Start of RECORDS PROVIDED

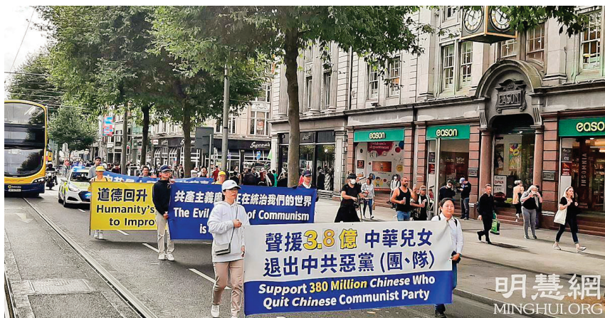
■二零二一年九月二十五日, 爱尔兰法轮功学员在首都柏林市中心举行了游行和集会, 声援3.8亿中国民众三退。

爱尔兰国会参议员大卫·诺里斯(Senator David Norris)致信主办方, 对当天的活动表示支持, 他说:“我一直反对一切形式的虐待, 无论
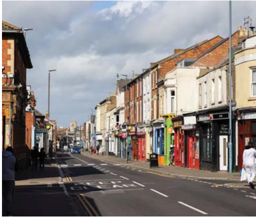
• سوبرماركتان وهمسرو لايكتراان بمخاضة الشارع سلفا
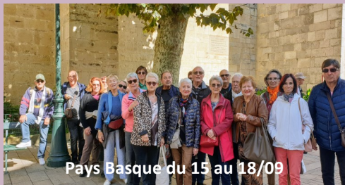
Pays Basque du 15 au 18/09

Le dernier trimestre a été marqué par plusieurs événements, une sortie au Pays Basque en septembre, un spectacle de danses Tahitiennes, en octobre au Cap d'Agde et une visite à l'usine de jambons en novembre avec dégustations de châtaignes.
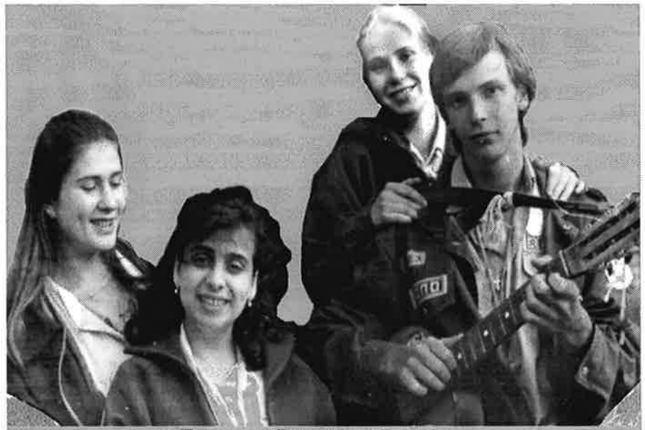
Люди в жёлтых галстуках
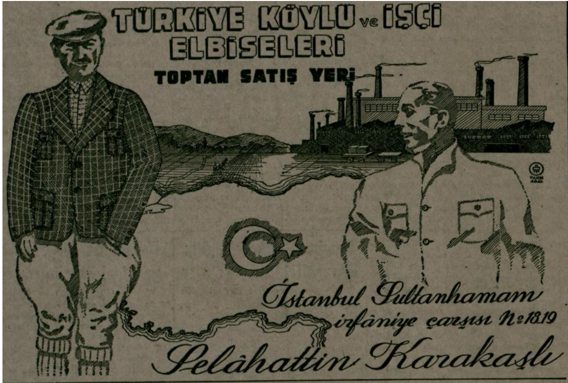
Ek 4: Cumhuriyet Gazetesi, 16 Mart 1943, nr. 6673, s. 4. Köylü ve işçi elbiseleri toptan satış merkezi
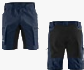
Werkstatthose kurz Größen 44 - 62
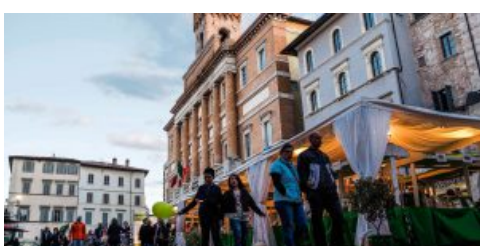
Primi d'Italia 2017: Foligno si prepara a mostrare il suo volto

End of RECORDS PROVIDED

Extract, word for word, every line from the one containing "Ek 4: Cumhuriyet" to the end of the data above, both ends included, and leave out the pictures.

◆ **RESULT OF THE TASK**
Ek 4: Cumhuriyet Gazetesi, 16 Mart 1943, nr. 6673, s. 4. Köylü ve işçi elbiseleri toptan satış merkezi
Werkstatthose kurz Größen 44 - 62
Primi d'Italia 2017: Foligno si prepara a mostrare il suo volto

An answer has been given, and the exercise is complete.